For the figure below, we are given that
$BC=BD=x$ .
Show that
$B{C}^{2}=2{x}^{2}(1+sin\theta )$ .
We want
$CB$ , and we have
$CD$ and
$BD$ . If we could get the angle
$B\widehat{D}C$ , then we could use the cosine rule to determine
$BC$ . This is possible, as
$\u25b5ABD$ is a right-angled triangle. We know this from circle geometry, that any triangle circumscribed by a circle with one side going through the origin, is right-angled. As we have two angles of
$\u25b5ABD$ , we know
$A\widehat{D}B$ and hence
$B\widehat{D}C$ . Using the cosine rule, we can get
$B{C}^{2}$ .
Using the above, show that
$sin2\theta =2sin\theta cos\theta $ .
Now do the same for
$cos2\theta $ and
$tan\theta $ .
$DC$ is a diameter of circle
$O$ with radius
$r$ .
$CA=r$ ,
$AB=DE$ and
$D\widehat{O}E=\theta $ .
Show that
$cos\theta =\frac{1}{4}$ .
The figure below shows a cyclic quadrilateral with
$\frac{BC}{CD}=\frac{AD}{AB}$ .
Show that the area of the cyclic quadrilateral is
$DC\xb7DA\xb7sin\widehat{D}$ .
Find expressions for
$cos\widehat{D}$ and
$cos\widehat{B}$ in terms of the quadrilateral sides.
Show that
$2C{A}^{2}=C{D}^{2}+D{A}^{2}+A{B}^{2}+B{C}^{2}$ .
Suppose that
$BC=10$ ,
$CD=15$ ,
$AD=4$ and
$AB=6$ . Find
$C{A}^{2}$ .
Find the angle
$\widehat{D}$ using your expression for
$cos\widehat{D}$ . Hence find the area of
$ABCD$ .
Problems in 3 dimensions
$D$ is the top of a tower of height
$h$ . Its base is at
$C$ . The triangle
$ABC$ lies on the ground (a horizontal plane).

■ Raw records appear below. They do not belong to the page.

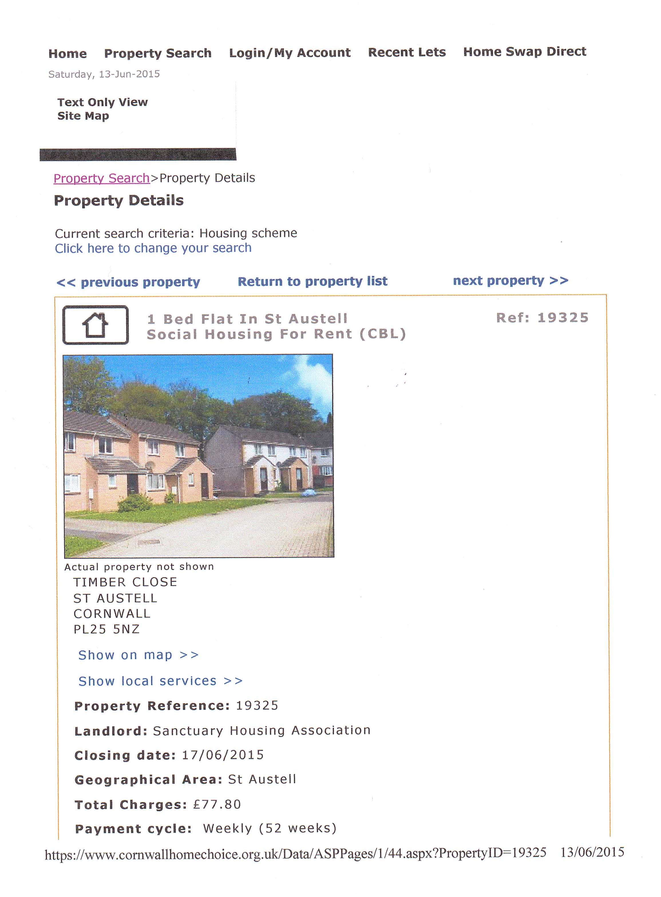 Featured picture this week, above, shows last week’s advertised Homechoice 1 Bed 1st Floor Flat at Timber Close, St Austell, Ref : 19325, owned by Sanctuary Housing. I am using it by way of an up-date. The flat was recently included in a Freedom of Information request to Cornwall Council along with 2 other Timber Close flats advertised this year. Cornwall Council is now obstructing the passage of that FOI request.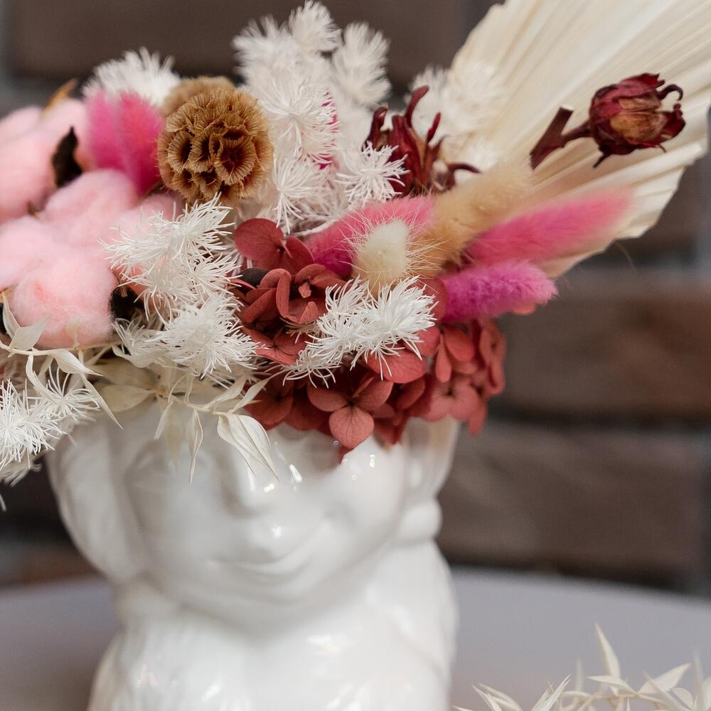 Хлопок натуральный – 2 шт.Скабиоза – 3 шт.Лагурус (сухоцвет) – 15 шт.аспарагус стабилизированный – 4 шт.гортензия стабилизированная – 1 шт.пальма сухоцвет – 1 шт.Кашпо керамическое – 1 шт.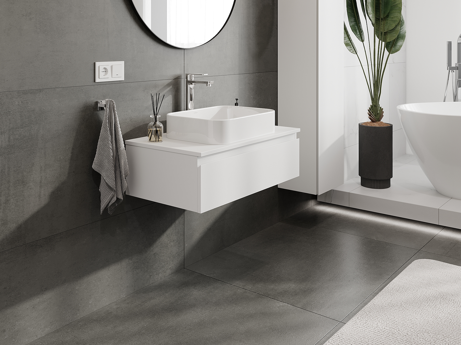 Skivan täckt med högkvalitativ lack är ett utmärkt val för badrummet, den ger ett elegant utseende samt hög motståndskraft mot fukt och repor. Högkvalitativ lack skyddar ytan på bänkskivan, vilket säkerställer dess långvariga hållbarhet, estetik och enkelhet i underhåll.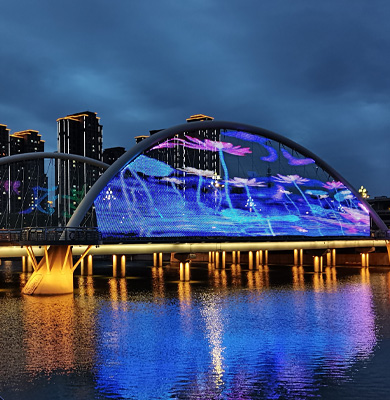 琼结LED灯具:因其高效节能、长寿命及色彩丰富等特点,被广泛应用于现代河道亮化项目中。

If we have that
$BC=b$ ,
$D\widehat{B}A=\alpha $ ,
$D\widehat{B}C=x$ and
$D\widehat{C}B=\theta $ , show that
$$h=\frac{bsin\alpha sinx}{sin(x+\theta )}$$
We have that the triangle
$ABD$ is right-angled. Thus we can relate the height
$h$ with the angle
$\alpha $ and either the length
$BA$ or
$BD$ (using sines or cosines). But we have two angles and a length for
$\u25b5BCD$ , and thus can work out all the remaining lengths and angles of this triangle. We can thus work out
$BD$ .
The line
$BC$ represents a tall tower, with
$C$ at its foot. Its angle of elevation from
$D$ is
$\theta $ . We are also given that
$BA=AD=x$ .
Find the height of the tower
$BC$ in terms of
$x$ ,
$tan\theta $ and
$cos2\alpha $ .
Find
$BC$ if we are given that
$x=140m$ ,
$\alpha ={21}^{\circ}$ and
$\theta ={9}^{\circ}$ .
Other geometries
Taxicab geometry
Taxicab geometry, considered by Hermann Minkowski in the 19th century, is a form of geometry in which the usual metric of Euclidean geometry is replaced by a new metric in which the distance between two points is the sum of the (absolute) differences of their coordinates.
Manhattan distance
The metric in taxi-cab geometry, is known as the
Manhattan distance , between two points in an Euclidean space with fixed Cartesian coordinate system as the sum of the lengths of the projections of the line segment between the points onto the coordinate axes.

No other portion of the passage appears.